Data Analysis with Spreadsheets — Excel & Spreadsheets

In 2020, England lost nearly 16,000 COVID test results because of an Excel row limit

Public Health England was tracking COVID-19 test results in an Excel spreadsheet. They were using the older .xls format, which maxes out at 65,536 rows. When the dataset grew past that limit, new rows simply vanished. Nearly 16,000 positive test results were silently lost — meaning thousands of infected people were never contacted for contact tracing during a critical period of the pandemic.

The problem was not that someone wrote a bad formula. The problem was that no one had set up the data for proper analysis — no structured table, no validation, no overflow checks. Raw data was dumped into a spreadsheet with no guardrails.

This module teaches you how to analyze data in spreadsheets without losing it, breaking it, or misreading it.

16000COVID test results lost

65536row limit in old .xls format

1048576row limit in modern .xlsx

Sorting: the simplest analysis you can do

Sorting rearranges your data by one or more columns. It sounds trivial, but sorting is how you answer questions like "Who are our top 10 customers?" or "Which product sold the least last quarter?"

Single-column sort: Click any cell in the column, then Data → Sort A-Z (ascending) or Z-A (descending).

Multi-level sort: Data → Sort → Add Level. Example: Sort by Region first, then by Sales (largest to smallest) within each region.
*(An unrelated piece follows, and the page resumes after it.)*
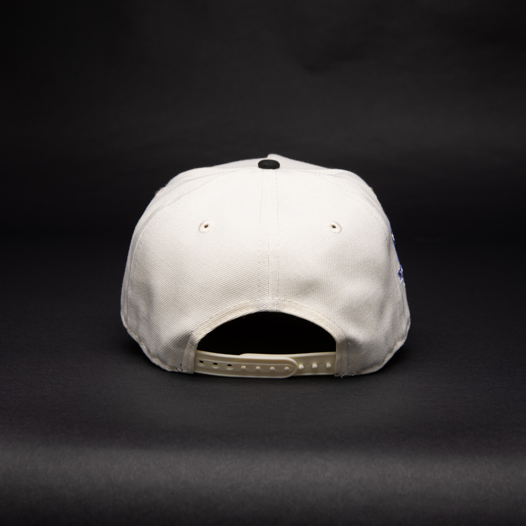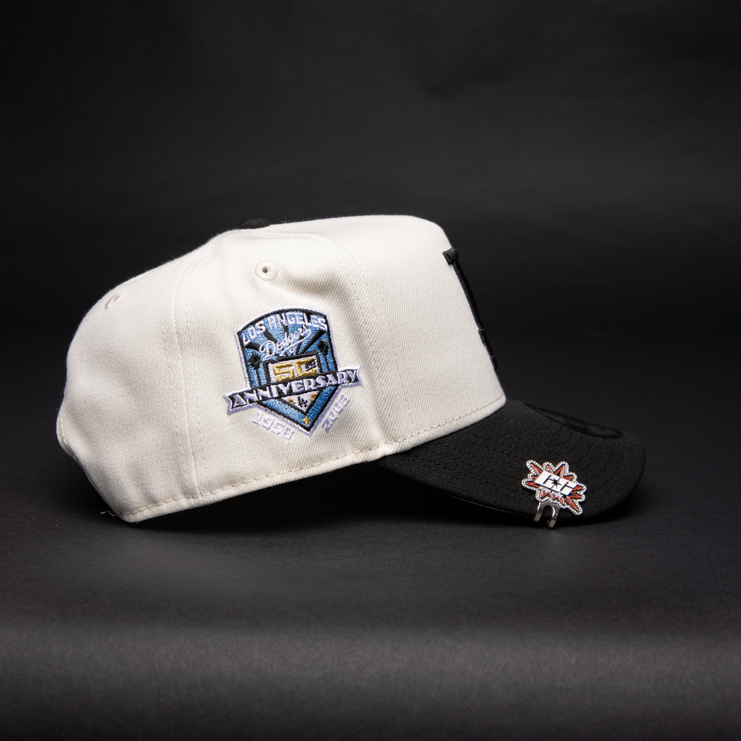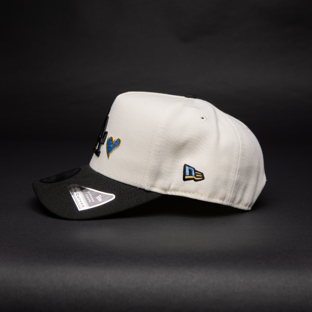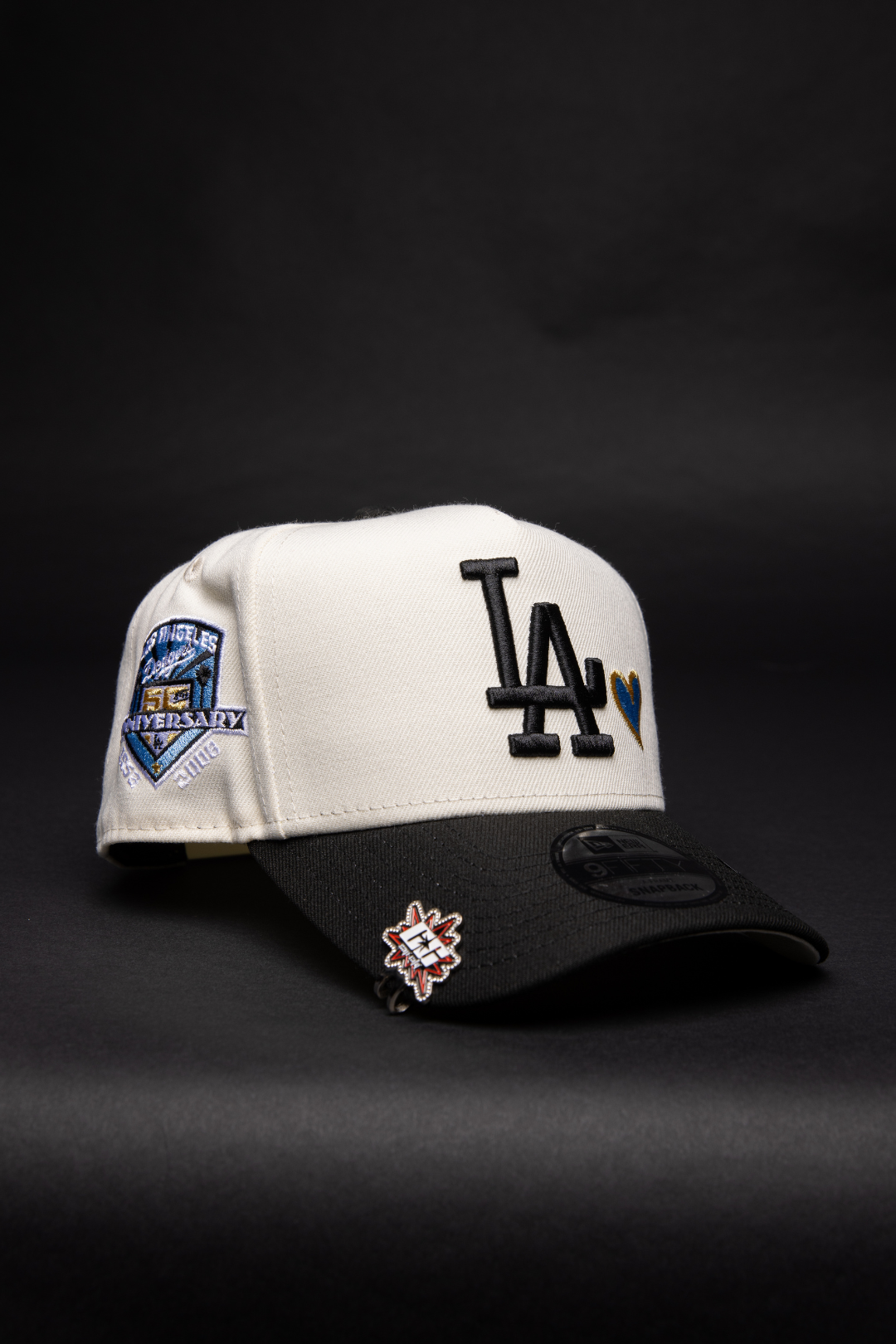 NEW ERA 9FIFTY A-FRAME CHROME/ BLACK LOS ANGELES DODGERS SNAPBACK W/ HEART + 50TH ANNIVERSARY SIDE PATCH
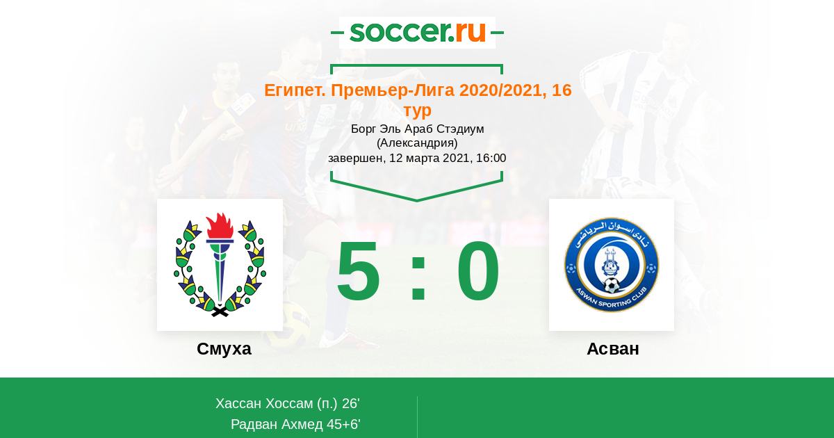45+6' (2:0) Радван Ахмед (99) (Фати Мостафа (30))

⚠️The partial-sort disaster

If you select only column B and sort, Excel may sort *just that column* — disconnecting it from the rest of your data. Suddenly, customer names are matched with the wrong order totals. Always make sure your entire data range is selected, or better yet, use structured tables (covered below) that prevent this entirely.
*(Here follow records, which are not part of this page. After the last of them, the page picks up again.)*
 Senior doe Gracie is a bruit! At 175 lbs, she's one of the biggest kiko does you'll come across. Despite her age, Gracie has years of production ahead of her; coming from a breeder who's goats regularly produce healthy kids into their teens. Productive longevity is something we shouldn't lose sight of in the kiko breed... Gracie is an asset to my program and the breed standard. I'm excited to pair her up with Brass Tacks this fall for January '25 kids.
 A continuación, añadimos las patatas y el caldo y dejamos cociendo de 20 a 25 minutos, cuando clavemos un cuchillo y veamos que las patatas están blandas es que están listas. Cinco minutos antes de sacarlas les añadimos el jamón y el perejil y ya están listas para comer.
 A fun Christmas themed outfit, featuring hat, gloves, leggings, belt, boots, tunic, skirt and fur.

Custom sort orders: Need to sort months chronologically instead of alphabetically (which puts April before January)? Custom sort lets you define your own order: Jan, Feb, Mar, Apr... instead of Apr, Aug, Dec, Feb.

Filtering: show only what matters

Filters hide rows that do not match your criteria — without deleting them. The data is still there; you just cannot see the irrelevant parts.
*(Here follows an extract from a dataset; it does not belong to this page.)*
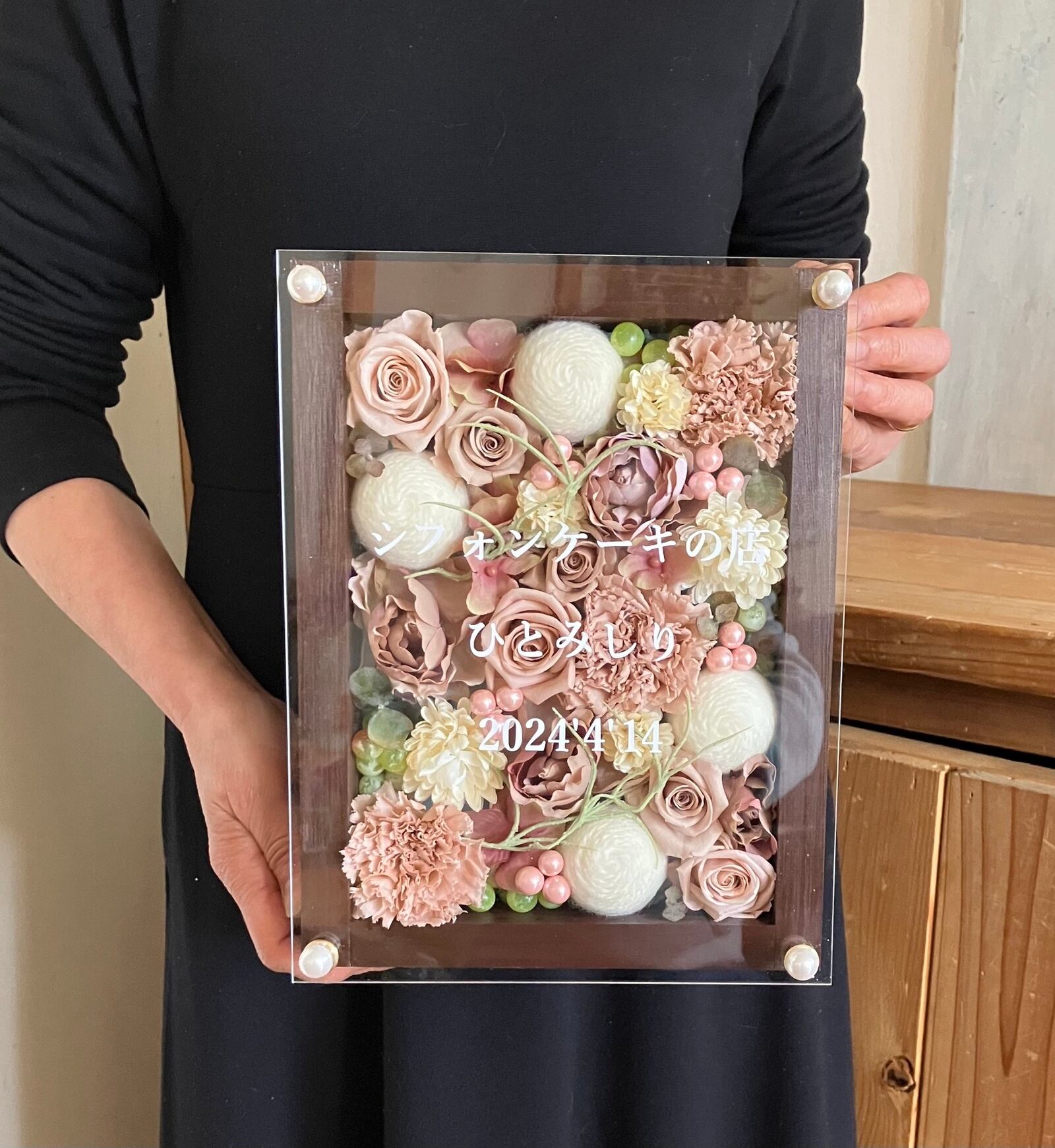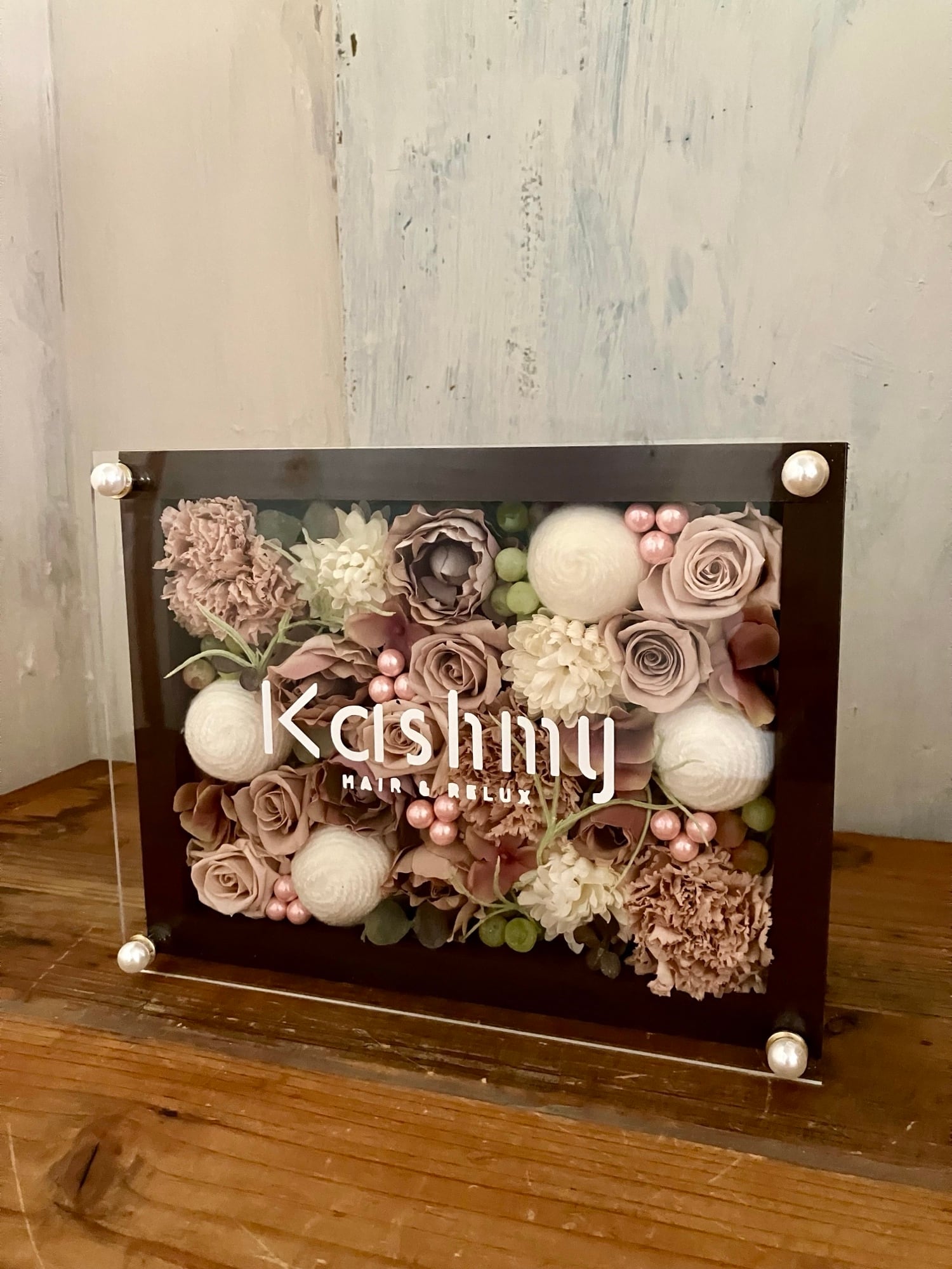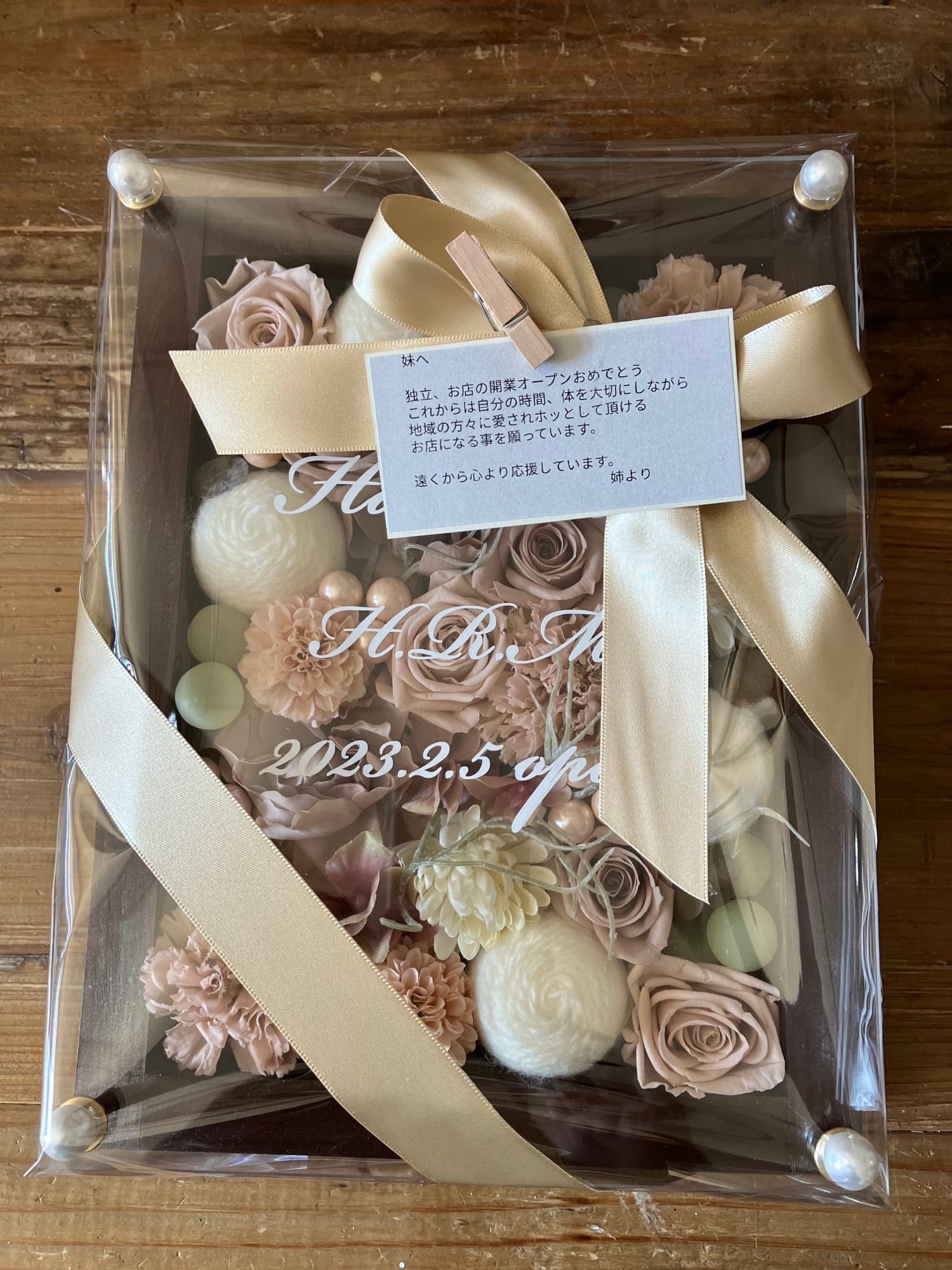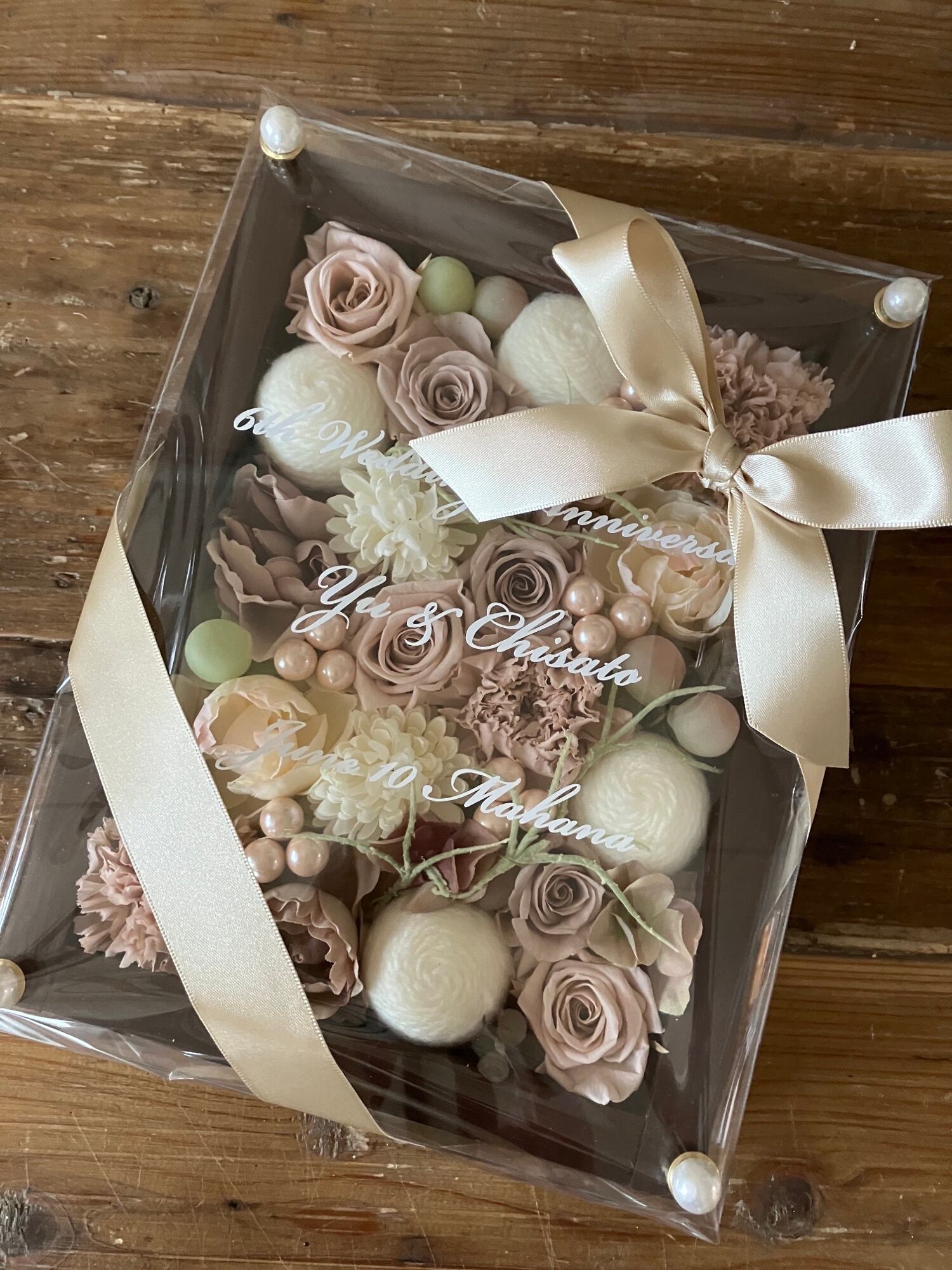茶色のウッドフレームにプリザーブドフラワーと造花をぎっしり詰め込み、アクリル板にはカッティングシートでメッセージをお入れします。

Step 1: Click any cell in your data range

Step 2: Go to Data → Filter (or Ctrl+Shift+L)

Step 3: Click the dropdown arrow on any column header

Step 4: Uncheck values you want to hide, or use conditions like "Greater than $500"

Step 5: Multiple columns can be filtered simultaneously — filters stack

Filter types:

Filter	What it does	Example
Value filter	Show/hide specific values	Show only "California" and "Texas"
Number filter	Conditions on numbers	Greater than $1,000
Date filter	Date-specific conditions	Last 30 days, This quarter
Text filter	Pattern matching	Contains "Corp", Begins with "A"
Color filter	Filter by cell/font color	Show only red-highlighted cells

There Are No Dumb Questions

"If I filter data and then use SUM, does it sum only the visible rows?"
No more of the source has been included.